Types of intentional man-made satellites: Planetary observation, Communication, Navigation, Space Telescopes, Space Stations and Spacecrafts. Planetary observation: Take pictures and record data from the planet they are orbiting. Communication: It relays information through the Earth. Multiple satellites work together as transponders. Passive communication satellites only reflect signals, and are weak, while active communication satellites amplifies signals and are pretty strong. Elon Musk also used Starlink, a communication satellite, to send Wifi to the people in Ukraine. [epic moment] Navigation: Provide autonomous geo-spatial data and super accurate time synchronisation. telescopes: They help to see into the night sky and unlike telescopes on Earth, they aren't hindered by the atmospheric conditions or light pollution. Astronomical survey: maps the whole night sky. Focused survey: only maps a certain portion of the night sky. Space station and crafts: They are used to house humans in space for extended periods in time. They also study the way space affects the human body. The ISS is the oldest permanent space station ever.

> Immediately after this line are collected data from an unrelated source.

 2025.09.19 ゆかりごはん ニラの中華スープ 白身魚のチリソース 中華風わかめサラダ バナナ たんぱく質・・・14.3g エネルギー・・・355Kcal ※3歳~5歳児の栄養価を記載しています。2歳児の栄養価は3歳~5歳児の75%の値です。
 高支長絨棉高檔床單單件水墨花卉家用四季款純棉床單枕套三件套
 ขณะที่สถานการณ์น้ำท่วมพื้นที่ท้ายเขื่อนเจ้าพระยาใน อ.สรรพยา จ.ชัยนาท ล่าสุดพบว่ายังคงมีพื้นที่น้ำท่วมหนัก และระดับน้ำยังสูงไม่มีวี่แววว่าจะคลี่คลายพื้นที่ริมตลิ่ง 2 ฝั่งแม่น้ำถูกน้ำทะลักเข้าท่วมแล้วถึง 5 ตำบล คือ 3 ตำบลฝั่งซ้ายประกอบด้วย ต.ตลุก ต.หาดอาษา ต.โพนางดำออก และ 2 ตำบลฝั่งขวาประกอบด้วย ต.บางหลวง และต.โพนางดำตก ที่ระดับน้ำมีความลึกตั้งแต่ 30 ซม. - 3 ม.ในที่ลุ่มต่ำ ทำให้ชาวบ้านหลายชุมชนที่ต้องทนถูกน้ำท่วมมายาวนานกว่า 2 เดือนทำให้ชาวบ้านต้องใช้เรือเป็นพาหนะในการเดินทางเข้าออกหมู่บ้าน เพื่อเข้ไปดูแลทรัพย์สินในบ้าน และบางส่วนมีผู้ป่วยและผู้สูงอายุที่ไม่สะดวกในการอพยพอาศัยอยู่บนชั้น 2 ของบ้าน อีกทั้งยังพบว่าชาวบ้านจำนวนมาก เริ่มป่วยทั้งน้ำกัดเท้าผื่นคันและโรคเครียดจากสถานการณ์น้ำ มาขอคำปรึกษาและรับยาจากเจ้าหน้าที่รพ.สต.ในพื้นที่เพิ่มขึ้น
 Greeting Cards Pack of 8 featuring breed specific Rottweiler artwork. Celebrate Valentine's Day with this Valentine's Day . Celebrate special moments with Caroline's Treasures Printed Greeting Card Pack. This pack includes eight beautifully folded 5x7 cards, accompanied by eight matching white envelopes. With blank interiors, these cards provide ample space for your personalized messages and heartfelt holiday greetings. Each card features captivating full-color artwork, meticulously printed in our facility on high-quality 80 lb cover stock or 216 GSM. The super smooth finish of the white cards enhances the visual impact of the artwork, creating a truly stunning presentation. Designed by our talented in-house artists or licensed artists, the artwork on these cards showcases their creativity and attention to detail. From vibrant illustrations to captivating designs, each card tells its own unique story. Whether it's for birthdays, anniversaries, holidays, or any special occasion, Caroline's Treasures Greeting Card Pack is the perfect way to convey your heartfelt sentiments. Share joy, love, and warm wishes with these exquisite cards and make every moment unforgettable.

Communication: They use antennas to relay information from Earth to the satellite and vice versa.

Power source: solar power and not gravitational potential energy.

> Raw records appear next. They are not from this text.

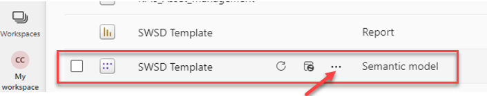 Click the ellipsis(…) option in Semantic model, and then click Settings.
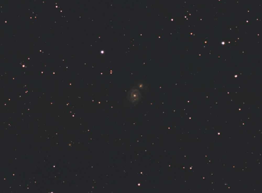 Galaxy M51 Whirlpool. Photographed under blue sky, white nights. Crop 2X.
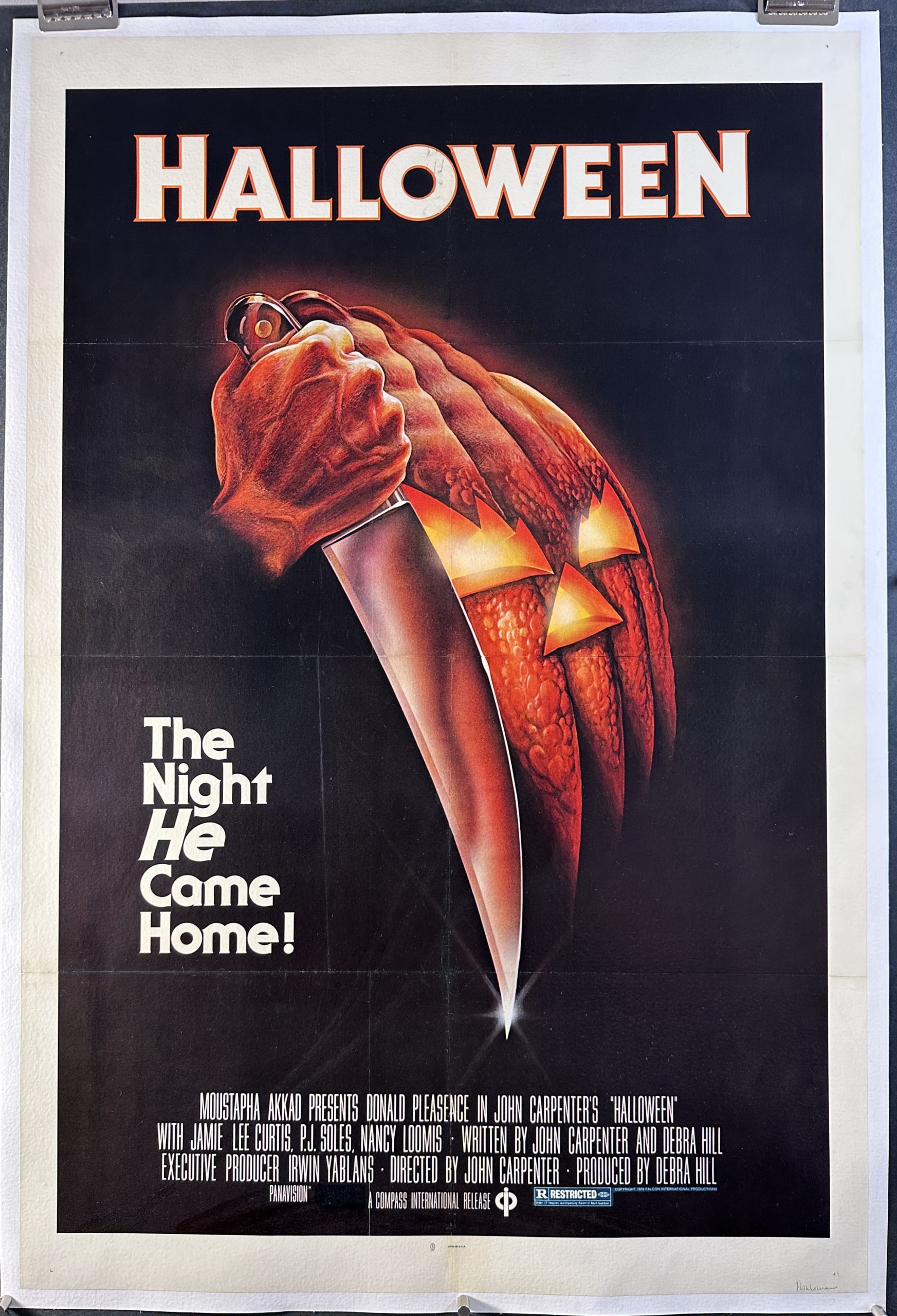 HALLOWEEN, 1978. Original One Sheet (27 x 41”), (89 x 125 cm) originally folded and now linen backed movie poster starring Jamie Lee Curtis, Donald Pleasence, Nancy Kyes and directed by John Carpenter who was also the author. This is widely considered to be the first film to start a popular resurgence of the horror genre and really set the standard for the next two decades. Well acted but with a small budget this was also the breakout role for Jamie Lee Curtis.  “The night He came home”. There are variants of this poster with different colored ratings boxes, namely black or green or to some eyes blue-green. This poster has the blue-green ratings box which represents the earlier print run of this poster. As supplies ran out the additional posters were printed with the black ratings box.
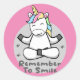 Remember to smile Kawaii happy unicorn doing yoga Classic Round Sticker
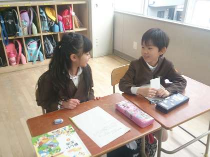 生活科の学習で、友だちのよいところをカードに書き、手渡しました。
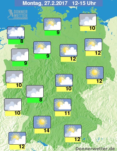 Heute Nachmittag ist es über den westlichen Landesteilen schon verbreitet bedeckt, jedoch zum Großteil noch trocken, Regen fällt jedoch schon im Nordwesten des Landes und breitet sich langsam auch weiter nach Osten hin aus. Vor allem im Süden und Osten Deutschlands ist es verbreitet heiter oder sonnig und trocken. Im übrigen Bundesgebiet teils stark, teils aufgelockert bewölkt und dazu ebenfalls trocken. Es werden 8 bis 14 Grad erreicht.
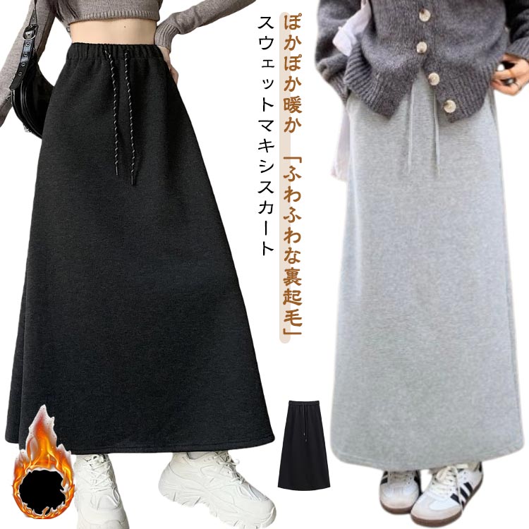 マキシスカート ロングスカート 秋冬スカート マキシ丈 スウェット 厚手 暖かい フレア Aライン ・・・
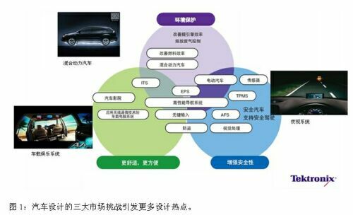 然而,面對日益復(fù)雜的汽車設(shè)計(jì)需求,特別是要推出中高端和商用的新能源汽車之時(shí),自主創(chuàng)新和開發(fā)之路并非坦途。泰克科技的專家曾在不久前舉辦的一場汽車電子技術(shù)論壇上以擁有“100多個(gè)ECU、軟件代碼已經(jīng)達(dá)到700萬行”的豐田L(fēng)exus460汽車為例,強(qiáng)調(diào)了電子部件在汽車特別是高端汽車中所占據(jù)的比例越來越高。“如圖1,汽車電子關(guān)乎目前汽車設(shè)計(jì)的三大市場挑戰(zhàn),即如何滿足生態(tài)(環(huán)境保護(hù))、更舒適方便和增強(qiáng)安全性的要求,而圍繞解決這些挑戰(zhàn)的系統(tǒng)和子系統(tǒng)正是目前汽車電子設(shè)計(jì)的熱點(diǎn)和難點(diǎn)。”他指出。“而局域網(wǎng)、動力系統(tǒng)、電子控制單元和數(shù)字RFID的應(yīng)用在改善汽車生態(tài)學(xué)、安全性和舒適性方面扮演了重要的角色。
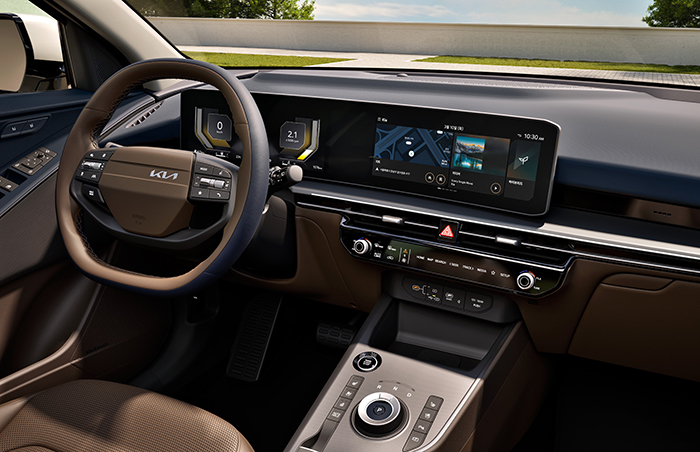 기아는 니로에 각각 12.3인치의 클러스터와 인포테인먼트 시스템을 결합한 파노라믹 커브드 디스플레이를 탑재해 간결한 대시보드 구조와 함께 공간감을 극대화했으며, 더블 D컷 형태의 투톤 스티어링 휠과 신규 패턴의 크래시 패드 및 플로어 콘솔 가니쉬로 고급감도 강화했다.
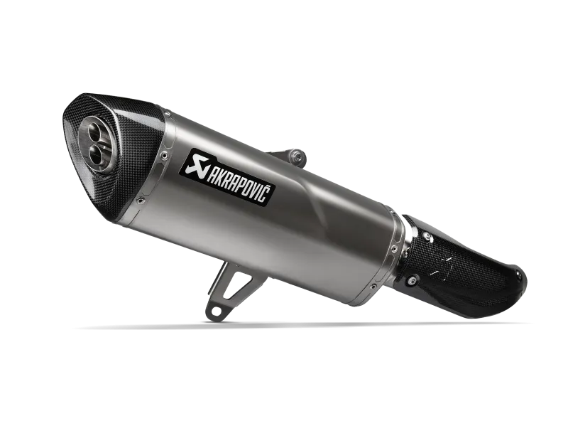 A sandblasted high-grade stainless-steel muffler outer sleeve and link pipe create an exhaust that is 22% (1.3 kg) lighter than the standard stock. The specially profiled surface on the muffler is not only a design feature but also adds greater durability. Finished with a hand-made carbon-fibre end cap, the look is completed with a new heatshield with an embossed Akrapovič logo for a unique appearance and a monochrome Akrapovič logo sticker on the muffler to complete the visual impact.

Dubious satellites: some very sus satellites im joking

ISS: The ISS is a modular space station in low-earth orbit. It is a multinational collaboration consisting of five participating space agencies: NASA from the USA, Roscosmos from Russia, JAXA from Japan, ESA from Europe and CSA from Canada. This was intended to be a laboratory, observatory, factory while providing transportation and maintenance.

New Horizons: The first spacecraft to orbit Pluto and its moons, along with other objects in the Kuiper Belt.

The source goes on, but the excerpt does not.